– Мастер Ричард вернулся, – торжественно возвестил сэру Остину старик Бенсон.

– Ну и что же? – спросил баронет.

– Он жалуется, что проголодался, – нерешительно произнес дворецкий; лицо его выражало недовольство.

– Дай ему поесть.

Грузный Бенсон еще больше заколебался и сказал, что мальчик потребовал, чтобы ему принесли вина. Это уже было ни на что не похоже.

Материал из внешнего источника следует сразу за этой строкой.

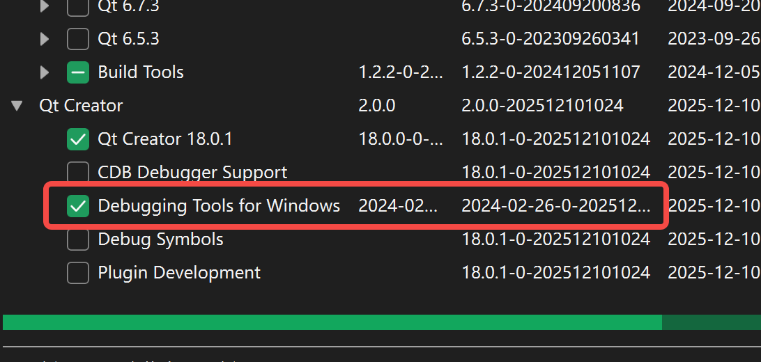 - 在Qt Creator下选中Debugging Tools for Windows。这个Qt针对Windows MSVC的调试工具,不安装这个代码没法调试。
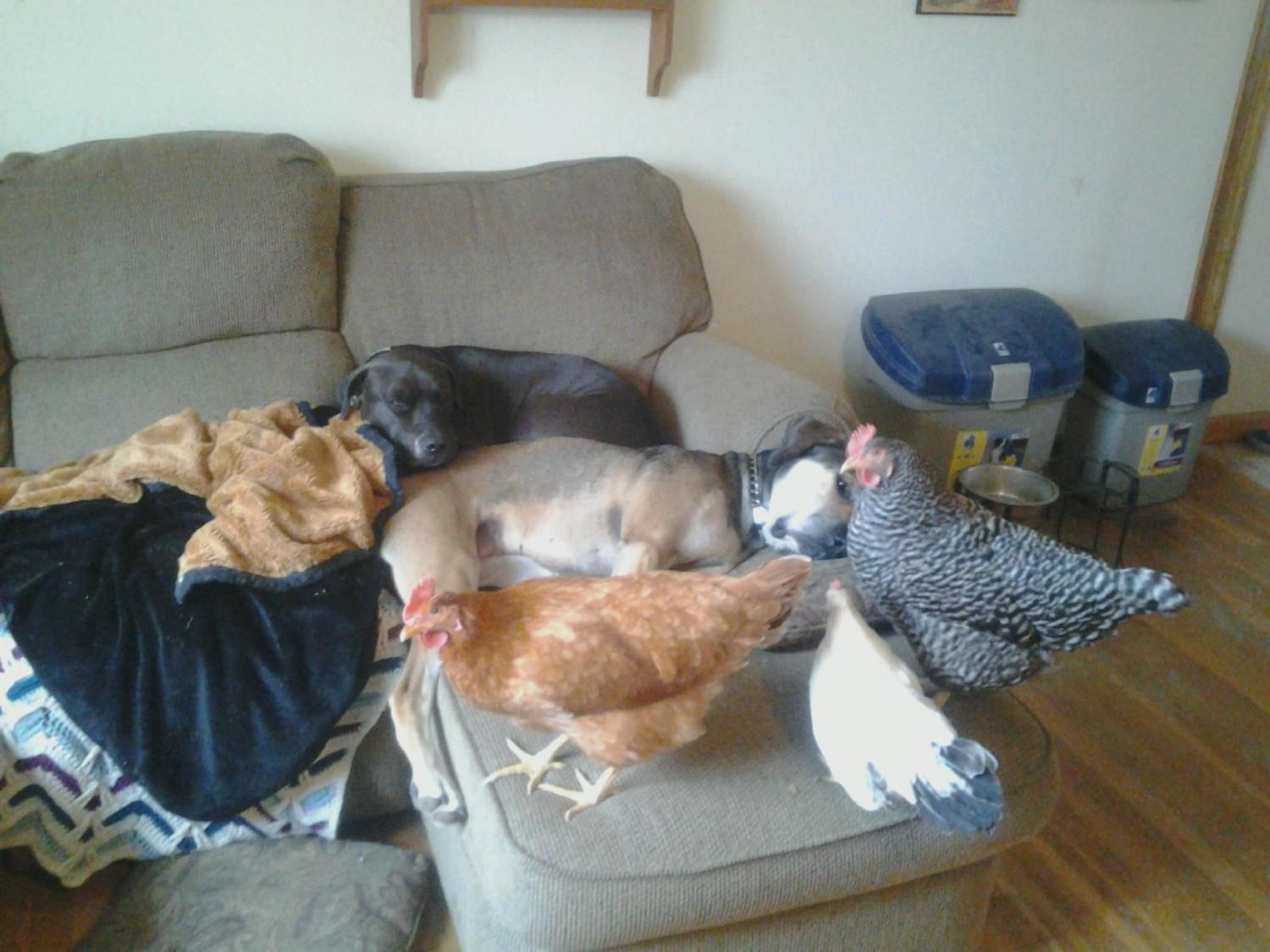 Remember, too, that chickens are pretty hardy! My Lab got a little rambunctious with the girls a few times and they pecked her to show her who was boss! She would settle right down after that.

Сэр Остин нахмурил брови, но Адриен заметил, что сыну его, может быть, хочется выпить – ведь это все-таки день его рождения, и тогда он разрешил принести ему бутылку бордо.

Ужин был в самом разгаре, когда Адриен сошел вниз: мальчики уплетали пирог с куропаткой. Теперь они переменились ролями. Ричард был возбужден. Поднимая бокал, он каждый раз произносил тосты; щеки у него раскраснелись, глаза блестели. Риптон очень походил на мошенника, который боится, что вот-вот все раскроется, однако его вполне добропорядочный голод и пирог с куропаткой послужили ему на некоторое время защитой от пронзительного взгляда Адриена. Тот решил, что случившееся – предмет во всяком случае достойный его внимания: достаточно было увидеть перемену, происшедшую с носом мастера Риптона, чтобы захотеть узнать все обстоятельства дела.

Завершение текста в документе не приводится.